Once the final animation was complete the braintrust were asked once again in an open meeting to review for candid input (Catmull, 2014). By reaching out to this braintrust the designer was not only deploying an important design phase feedback session but was also seeking feedback from the designers own PLN. Many of the users felt that the PLN message was memorable because of the fairy tale link and felt they could reinforce this message within a set of training sessions; one related comment was “I didn’t realize I had learnt anything until I was quizzed afterwards and retained knowledge about PLNs”. It was mentioned that is this was to be used as a standalone item then it might need further scaffolding around it to ensure that users would gain the learning required, but as it was developed to introduce a series of sessions around the PLN concept then this is an easy way to unpack the concept for them. Tools and how-to-build a PLN were noted as missing from the animation, but the user conceded that these were not really needed in the context of a wide session use. Users did feel that the story did not get in the way of the learning, which was the key point for the story approach and validated the designers’ choice for the unique and novel approach for the animation. These feedback points are critical and will be implemented in the future. This exegesis forms part of the evaluation along with the previously discussed user feedback. The evaluation of course will kick start the ADDIE process again, as the production methodology of any resource is cyclic and must contain a review and refresh phase for any digital artefact to ensure currency and usefulness.
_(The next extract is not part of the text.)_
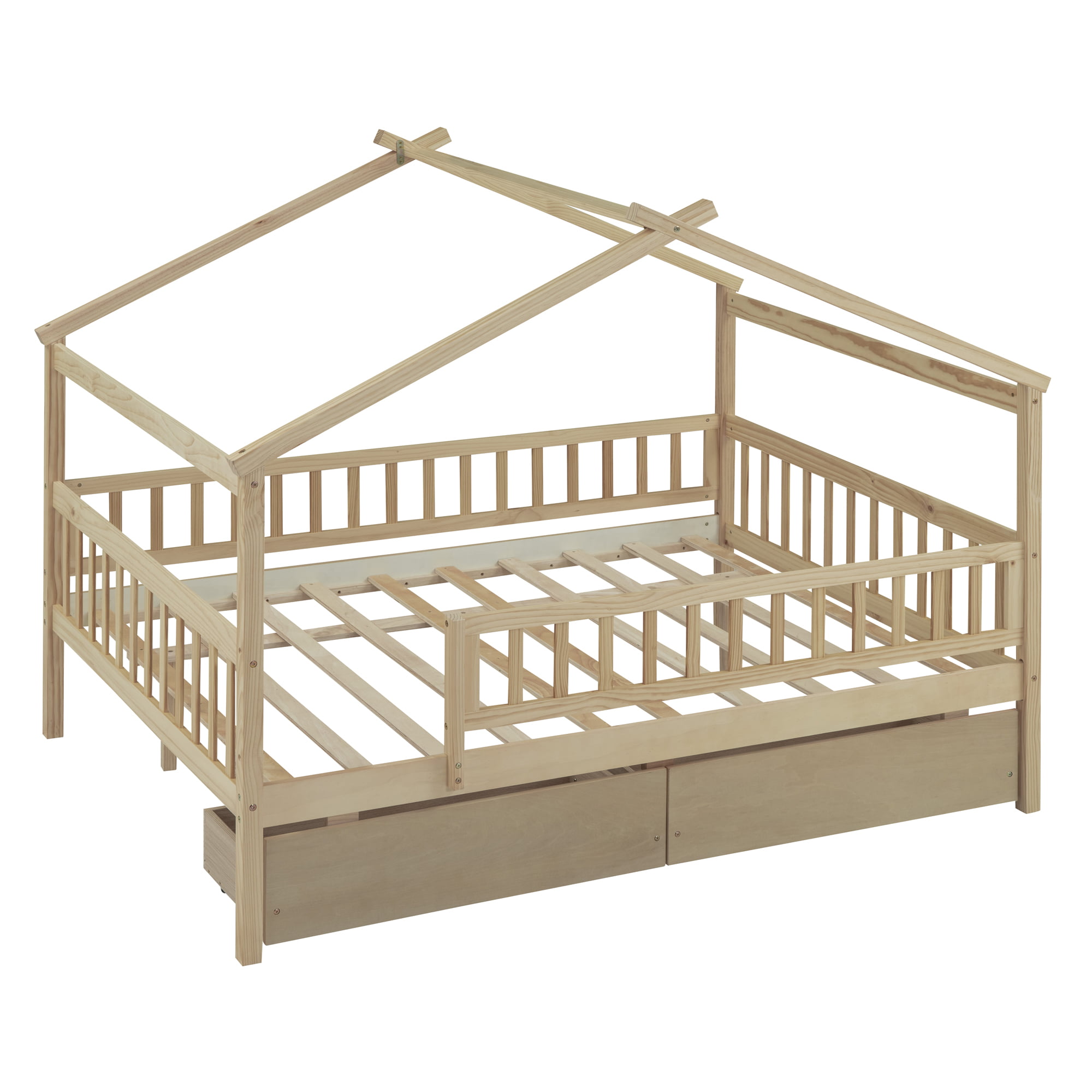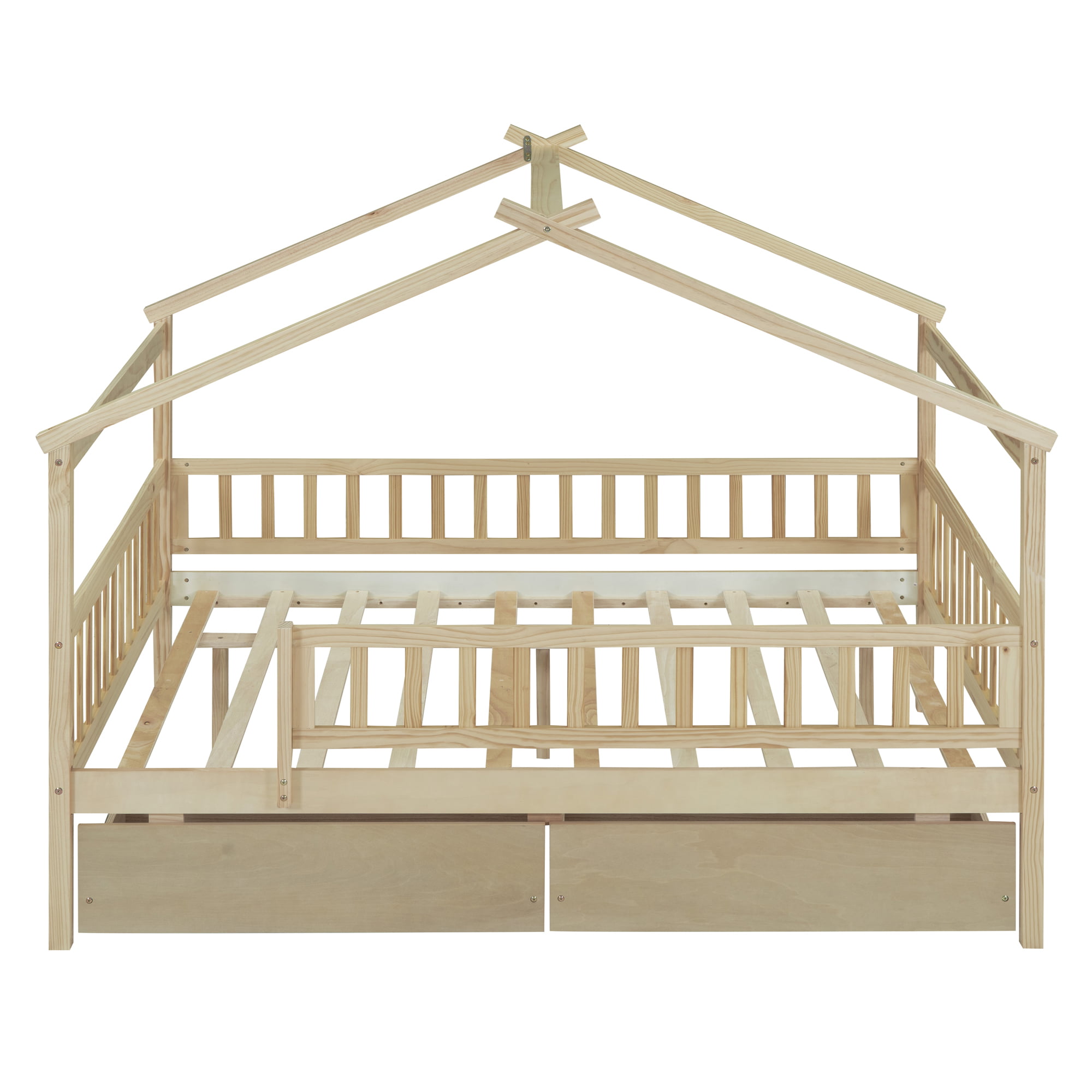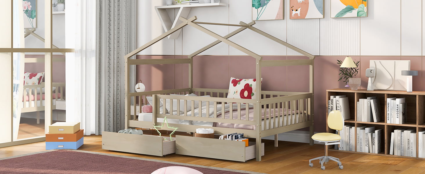 - [Spacious Storage] The wood house platform bed with two drawers offer storage space for clothes and toys, Maximize space and help to develop your child’s habit of storage. It’s a perfect space-saving solution to you.

The content, design and deployment of the artefact have initially been a success. However, the educational benefits of the artefact is yet untried, apart from with the braintrust group. The next phase will be a further redevelopment phase then rolling the artefact out to a test pilot group for assessment. In the ever changing learning landscape digital artefacts are only as good as the content and the learning that users take from them (Kolko, 2010). By employing sound instructional design methodology such as the nine events of instruction (Gagné, Briggs, & Wager, 1992) and VAK principles (Bennett, & Rolheiser, 2001) the current format this animation does deliver the content, but it can be further refined. That being said it does deliver on providing information regarding the importance of a PLN and will support learners understanding of this concept.